Обсуждение: could not truncate directory "pg_serial": apparent wraparound

Поиск
Список
Период
Сортировка

could not truncate directory "pg_serial": apparent wraparound

От
"Kevin Grittner"
Дата:
We had a report of the subject message during testing a while back
and attempted to address the issue.  It can result in a LOG level
message and the accumulation of files in the pg_serial SLRU
subdirectory.  We haven't seen a recurrence, until I hit it during
testing of the just-posted patch for SSI DDL.  I re-read the code
and believe that the attached is the correct fix.

-Kevin


Вложения

Re: could not truncate directory "pg_serial": apparent wraparound

От
Heikki Linnakangas
Дата:
On 08.06.2011 03:28, Kevin Grittner wrote:
> We had a report of the subject message during testing a while back
> and attempted to address the issue.  It can result in a LOG level
> message and the accumulation of files in the pg_serial SLRU
> subdirectory.  We haven't seen a recurrence, until I hit it during
> testing of the just-posted patch for SSI DDL.  I re-read the code
> and believe that the attached is the correct fix.

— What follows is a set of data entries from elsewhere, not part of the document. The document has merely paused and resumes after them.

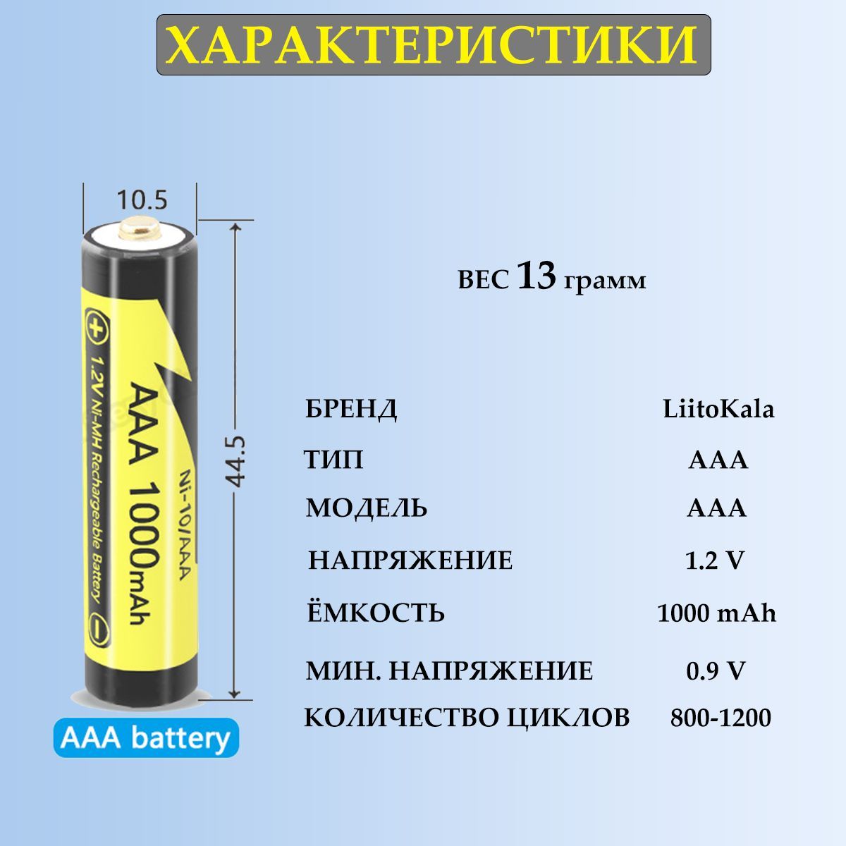 Описание: Аккумуляторные батарейки LiitoKala 1000mAh AAA - никель-металлогидридные аккумуляторы характеризуются большим сроком службы, стабильной работой в широком диапазоне температур, и большой емкостью в 1000 мАч. Аккумуляторы хорошо работают с любым устройствами, требующими большого количества энергии: игровые мини-приставки, плейеры, ПДУ, фонарики, часы, компьютерные мышки и т. д.
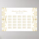 O design do cartaz de assentos de casamento elegante apresenta uma borda decorativa ornamentada com uma aparência brilhante dourada metálica champanhe, um monograma com os nomes dos noivos e data do casamento, texto personalizado com nomes dos convidados em ordem alfabética, juntamente com seus números de mesa. Esquema de cores branco e dourado champanhe.
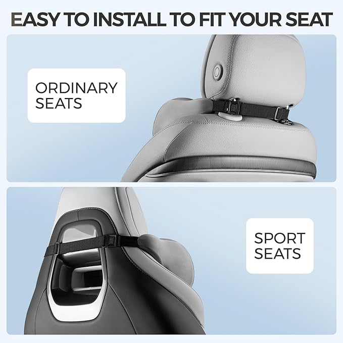 - Universal Fit For All Vehicles - Equipped with stong elastic buckle, Our car seat headrest is designed to fit variety cars, Suvs, trucks, whether you are a regular seat, a sports seat or an airline seat, it can be matched and provide more stable support. making it a versatile car seat pillow for travel, work, and long drives.
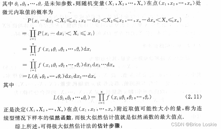 的概率(2. 6)或似然函数(2. 7)达到最大.即
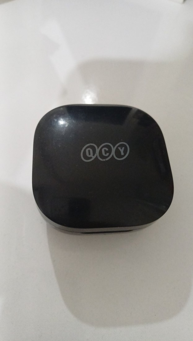 QCY markasına ait siyah kablosuz kulaklıkların şarj kutusu, kompakt tasarıma sahiptir.

Doesn't this patch bring back the issue mentioned in the comment: the 
slru page might not get used again until we wrap-around?

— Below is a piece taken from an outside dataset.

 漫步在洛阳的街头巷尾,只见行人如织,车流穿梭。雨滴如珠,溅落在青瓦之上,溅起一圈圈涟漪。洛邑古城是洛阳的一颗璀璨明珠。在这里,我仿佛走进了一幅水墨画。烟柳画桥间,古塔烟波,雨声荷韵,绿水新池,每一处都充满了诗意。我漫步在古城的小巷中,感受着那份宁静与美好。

--   Heikki Linnakangas  EnterpriseDB   http://www.enterprisedb.com


Re: could not truncate directory "pg_serial": apparent wraparound

От
"Kevin Grittner"
Дата:
Heikki Linnakangas <heikki.linnakangas@enterprisedb.com> wrote:
> On 08.06.2011 03:28, Kevin Grittner wrote:
>> We had a report of the subject message during testing a while
>> back and attempted to address the issue.  It can result in a LOG
>< level message and the accumulation of files in the pg_serial SLRU
>> subdirectory.  We haven't seen a recurrence, until I hit it
>> during testing of the just-posted patch for SSI DDL.  I re-read
>> the code and believe that the attached is the correct fix.
> 
> Doesn't this patch bring back the issue mentioned in the comment:
> the slru page might not get used again until we wrap-around?
In the previous attempt I thought it was looking at the allocated
files to assess that it was approaching wraparound.  In looking at
the SLRU code last night, it seemed that it was really using the
"last zeroed" page as the comparison point, and wanted the
truncation point to precede that.  Given that last night didn't seem
to be my sharpest hour, it would be wise to confirm this.  This code
is pretty hard to test, since it only comes into play on overflow of
the predicate locking shared memory structures, so desk-checking is
important.
So, to directly address your question, if we don't overflow again
and go to the SLRU summary data, one file could sit in the pg_serial
directory indefinitely; but we should avoid the LOG message and the
accumulation of large numbers of such files -- if I'm reading the
SLRU code correctly....
-Kevin


Re: could not truncate directory "pg_serial": apparent wraparound

От
Heikki Linnakangas
Дата:
While testing this, I noticed another serious bug in the OldSerXidSLRU 
handling: we never set the dirty-flag on any page. I believe the reason 
we haven't bumped into this in testing before is that when a new page is 
initialized, it's marked as dirty, so everything goes smoothly when we 
modify recently-zeroed pages. But if a page falls out of the cache, and 
is later read back in and modified, the modifications are lost.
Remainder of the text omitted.